Exercise description -
Where the listing below has a line with "Torrid Grey Off", write out exactly that line and every line after it, stopping after the line with "Heavy snow blankets".

Data to use -
=======
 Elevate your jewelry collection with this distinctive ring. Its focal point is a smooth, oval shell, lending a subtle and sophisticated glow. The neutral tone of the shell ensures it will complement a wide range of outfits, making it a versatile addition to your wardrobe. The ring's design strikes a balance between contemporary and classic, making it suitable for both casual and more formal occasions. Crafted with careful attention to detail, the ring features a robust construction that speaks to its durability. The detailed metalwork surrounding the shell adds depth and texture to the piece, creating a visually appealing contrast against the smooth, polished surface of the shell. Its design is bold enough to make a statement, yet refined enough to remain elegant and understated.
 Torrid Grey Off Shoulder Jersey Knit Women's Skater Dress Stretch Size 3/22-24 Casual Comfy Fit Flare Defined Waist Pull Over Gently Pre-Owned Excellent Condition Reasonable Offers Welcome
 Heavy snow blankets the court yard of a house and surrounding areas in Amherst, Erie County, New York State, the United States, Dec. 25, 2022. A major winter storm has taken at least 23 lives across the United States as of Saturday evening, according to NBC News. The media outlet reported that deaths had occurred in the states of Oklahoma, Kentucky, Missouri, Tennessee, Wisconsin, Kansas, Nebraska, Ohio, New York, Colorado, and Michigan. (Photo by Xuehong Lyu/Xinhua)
=======
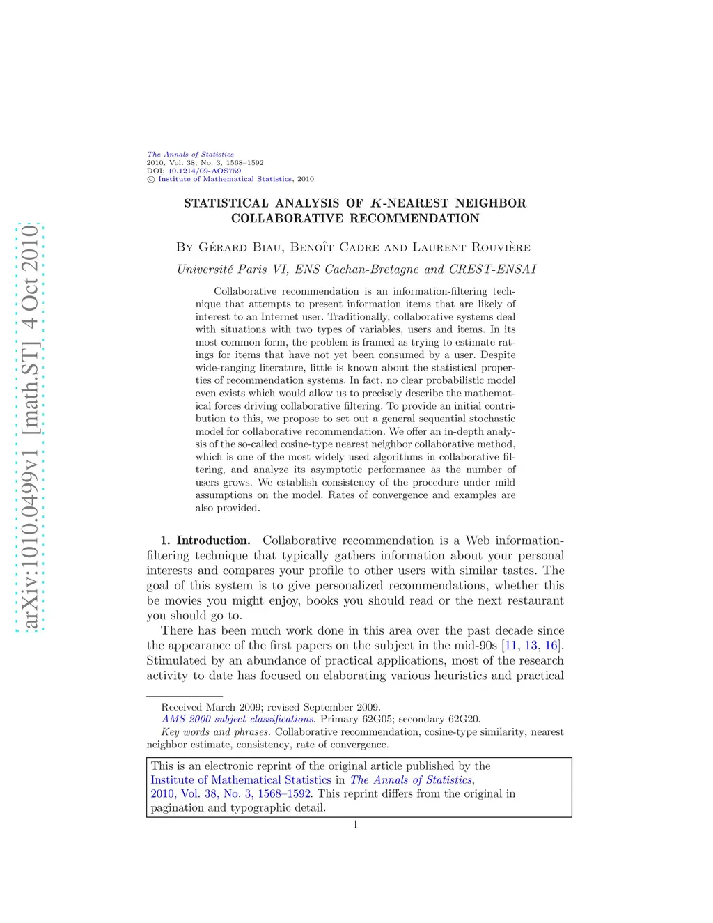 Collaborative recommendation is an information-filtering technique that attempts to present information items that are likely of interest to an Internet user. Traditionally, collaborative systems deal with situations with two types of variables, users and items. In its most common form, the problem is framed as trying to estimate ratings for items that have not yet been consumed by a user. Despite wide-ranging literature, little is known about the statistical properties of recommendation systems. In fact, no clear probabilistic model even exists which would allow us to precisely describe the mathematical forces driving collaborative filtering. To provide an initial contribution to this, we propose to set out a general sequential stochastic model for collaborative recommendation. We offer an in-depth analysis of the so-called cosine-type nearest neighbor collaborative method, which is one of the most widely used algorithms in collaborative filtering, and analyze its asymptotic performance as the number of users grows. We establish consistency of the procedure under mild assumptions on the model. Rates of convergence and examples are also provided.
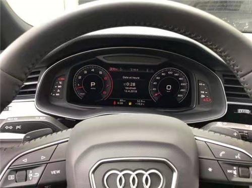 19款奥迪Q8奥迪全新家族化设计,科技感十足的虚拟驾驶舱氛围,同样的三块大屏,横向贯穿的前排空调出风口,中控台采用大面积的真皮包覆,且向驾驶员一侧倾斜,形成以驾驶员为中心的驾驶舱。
=======
Solution to this problem -
 Torrid Grey Off Shoulder Jersey Knit Women's Skater Dress Stretch Size 3/22-24 Casual Comfy Fit Flare Defined Waist Pull Over Gently Pre-Owned Excellent Condition Reasonable Offers Welcome
 Heavy snow blankets the court yard of a house and surrounding areas in Amherst, Erie County, New York State, the United States, Dec. 25, 2022. A major winter storm has taken at least 23 lives across the United States as of Saturday evening, according to NBC News. The media outlet reported that deaths had occurred in the states of Oklahoma, Kentucky, Missouri, Tennessee, Wisconsin, Kansas, Nebraska, Ohio, New York, Colorado, and Michigan. (Photo by Xuehong Lyu/Xinhua)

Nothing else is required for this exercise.